On the other hand, pursuant to Çamoğlu, the right to request annulment of a general assembly resolution, in principle, belongs to the shareholder, and the shareholder is entitled to file a lawsuit in this regard, provided that it participated in the relevant meeting and annotated its objection to the meeting minutes; whereas, the usufructuary could exercise such right only if the shareholder did not participate in the relevant general assembly meeting[19].
Conclusion
Unless otherwise agreed, a usufruct right entitles the usufructuary to fully use and enjoy the property, subject to such right. The usufruct right can be established on the printed registered shares of joint stock companies either through endorsement and delivery of the share certificate for usufruct purposes, or without endorsement, by way of a written assignment declaration indicating the purpose of establishment of usufruct right and transfer of the share certificate’s possession. As for establishing a usufruct right on unprinted shares, a written usufruct right agreement shall be made in accordance with the procedure of assignment of receivables. The usufruct right shall be registered with the company share ledger. Only the person who is registered with the company’s share ledger shall be deemed as the usufructuary in terms of the relationship with the company. The articles of association of the company may require company approval in order to establish a usufruct right on registered shares. In principle, a usufruct right provides its holder with both economic and managerial rights, such as right to dividend, right to participate in general assembly meetings, voting right, right to request annulment of general assembly resolutions, and right to access information and examination.

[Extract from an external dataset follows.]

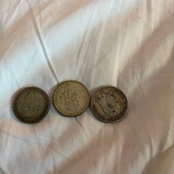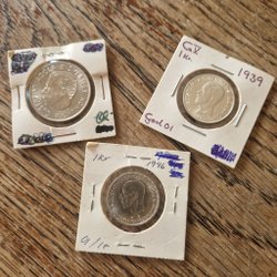 Tre svenska mynt från 1945, 1947 och 1948. Varje mynt har ett värde av 1 Kr med total 8,4 g. silver

[1] Civil Code (Official Gazette, 08.12.2001, No. 24607) entered into force on 01.01.2002.
[2] TCC (Official Gazette, 14.02.2011, No. 27846) entered into force on 01.07.2012.
[3] Pulaşlı, Hasan: 6102 Sayılı Türk Ticaret Kanuna Göre Şirketler Hukuku Şerhi, Cilt I, Ankara 2011, p. 740.
[4] Tekinalp, Ünal: Anonim Ortaklıkta Yeni Bağlam Sisteminin Esasları – Pay Defteri Hukuku İle, İstanbul 2012, p. 93.
[5] Tekinalp, p. 92.
[6] Tekinalp, p. 94.
[7] Tekinalp, p. 100.
[8] Tekinalp, p. 100.
[9] Tekinalp, p. 23.
[10] Tekinalp, p. 22.
[11] Preamble of Article 492 of the TCC.
[12] Tekinalp, p. 23.
[13] Tekinalp, p. 23.
[14] Çamoğlu (Poroy/Tekinalp): Ortaklıklar Hukuku I, Yeniden Yazılmış 13. Bası, İstanbul 2014, p. 486.
[15] Moroğlu, Erdoğan: 6102 Sayılı Türk Ticaret Kanunu’na Göre Anonim Ortaklıkta Genel Kurul Kararlarının Hükümsüzlüğü, 6. Bası, İstanbul 2012, p. 233.
[16] Moroğlu, p. 231.
[17] Pulaşlı, p. 847, Moroğlu, p. 232.
[18] Moroğlu, p. 233.
[19] Çamoğlu (Poroy/Tekinalp), p. 540.